START Stored data
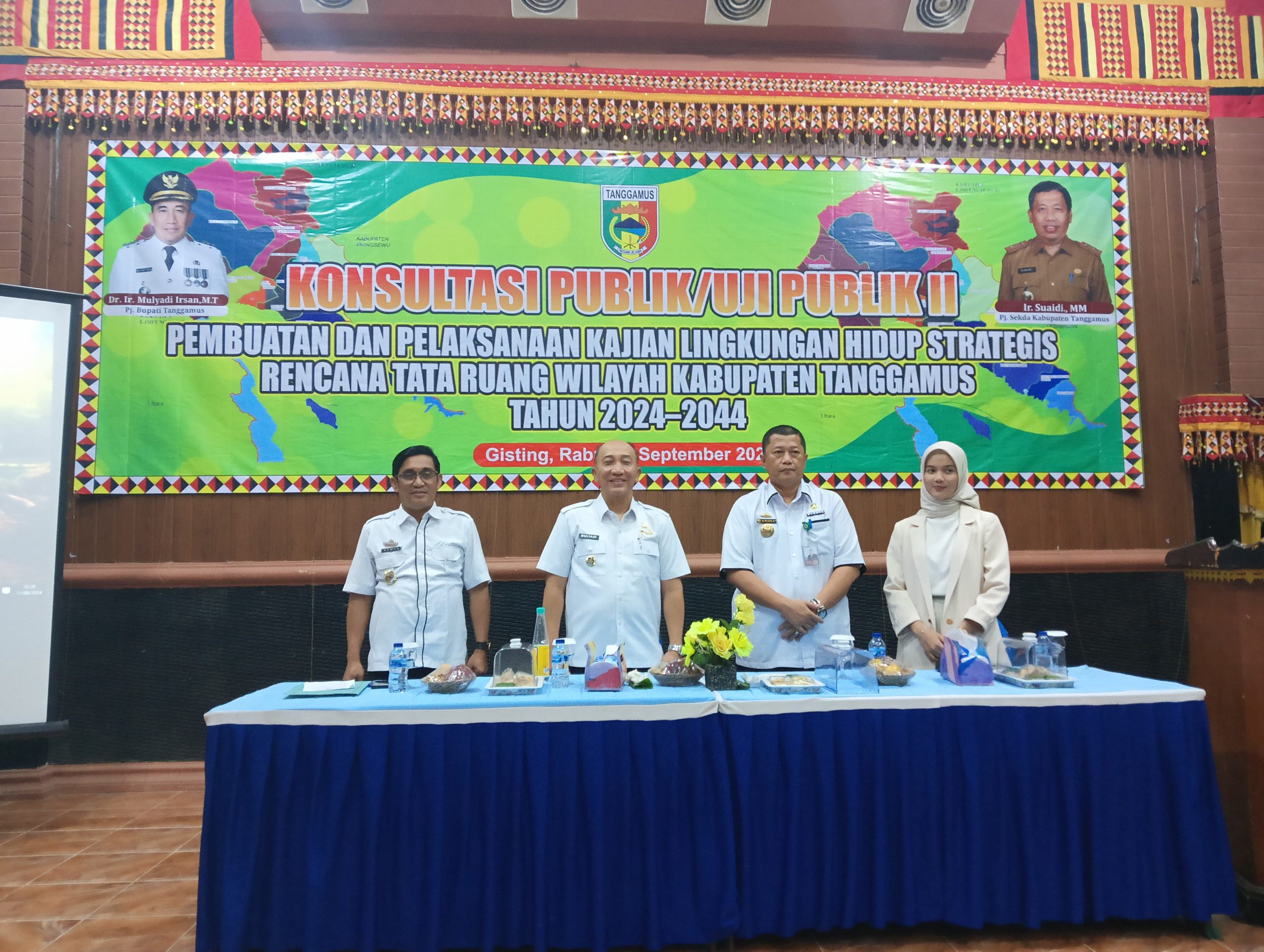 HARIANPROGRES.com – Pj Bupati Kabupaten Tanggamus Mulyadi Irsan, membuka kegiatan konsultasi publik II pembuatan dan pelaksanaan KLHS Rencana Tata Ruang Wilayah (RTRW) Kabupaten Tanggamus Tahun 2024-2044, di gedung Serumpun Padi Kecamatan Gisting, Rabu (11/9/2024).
END Stored data
START Stored data
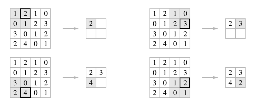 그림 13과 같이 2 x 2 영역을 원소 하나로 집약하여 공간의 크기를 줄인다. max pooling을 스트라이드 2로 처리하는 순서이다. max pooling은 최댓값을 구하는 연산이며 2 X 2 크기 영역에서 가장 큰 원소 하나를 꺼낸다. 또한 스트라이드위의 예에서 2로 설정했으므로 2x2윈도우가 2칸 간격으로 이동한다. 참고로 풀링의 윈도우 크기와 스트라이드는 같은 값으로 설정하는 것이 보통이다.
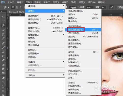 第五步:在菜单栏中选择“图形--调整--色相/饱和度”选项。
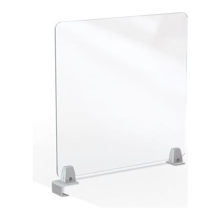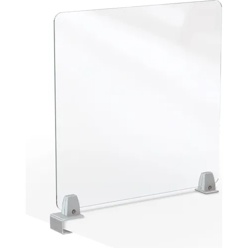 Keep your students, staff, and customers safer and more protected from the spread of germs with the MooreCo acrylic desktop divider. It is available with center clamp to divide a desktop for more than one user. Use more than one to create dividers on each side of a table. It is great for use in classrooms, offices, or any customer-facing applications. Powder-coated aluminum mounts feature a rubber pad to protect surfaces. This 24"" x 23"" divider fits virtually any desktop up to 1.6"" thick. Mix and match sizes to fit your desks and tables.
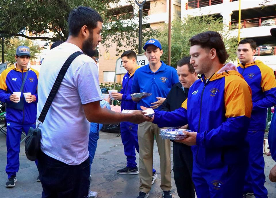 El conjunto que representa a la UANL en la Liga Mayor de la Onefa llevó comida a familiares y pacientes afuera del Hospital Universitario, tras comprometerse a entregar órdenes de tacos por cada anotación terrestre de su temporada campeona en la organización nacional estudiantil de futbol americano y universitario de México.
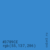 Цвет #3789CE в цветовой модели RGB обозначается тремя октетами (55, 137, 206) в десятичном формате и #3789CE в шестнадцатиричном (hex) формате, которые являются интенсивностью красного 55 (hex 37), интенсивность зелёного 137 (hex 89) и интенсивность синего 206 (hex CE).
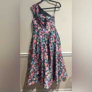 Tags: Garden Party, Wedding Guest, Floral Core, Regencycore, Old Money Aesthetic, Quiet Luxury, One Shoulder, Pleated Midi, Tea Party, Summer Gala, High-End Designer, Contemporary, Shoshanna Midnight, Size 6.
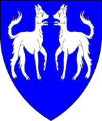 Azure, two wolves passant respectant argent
END Stored data
__Task to carry out__: Transcribe only the lines above that start at the line containing "Цвет #3789CE в" and end at the line containing "Azure, two wolves passant respectant argent". Omit pictures.

__Output for this task__:
 Цвет #3789CE в цветовой модели RGB обозначается тремя октетами (55, 137, 206) в десятичном формате и #3789CE в шестнадцатиричном (hex) формате, которые являются интенсивностью красного 55 (hex 37), интенсивность зелёного 137 (hex 89) и интенсивность синего 206 (hex CE).
 Tags: Garden Party, Wedding Guest, Floral Core, Regencycore, Old Money Aesthetic, Quiet Luxury, One Shoulder, Pleated Midi, Tea Party, Summer Gala, High-End Designer, Contemporary, Shoshanna Midnight, Size 6.
 Azure, two wolves passant respectant argent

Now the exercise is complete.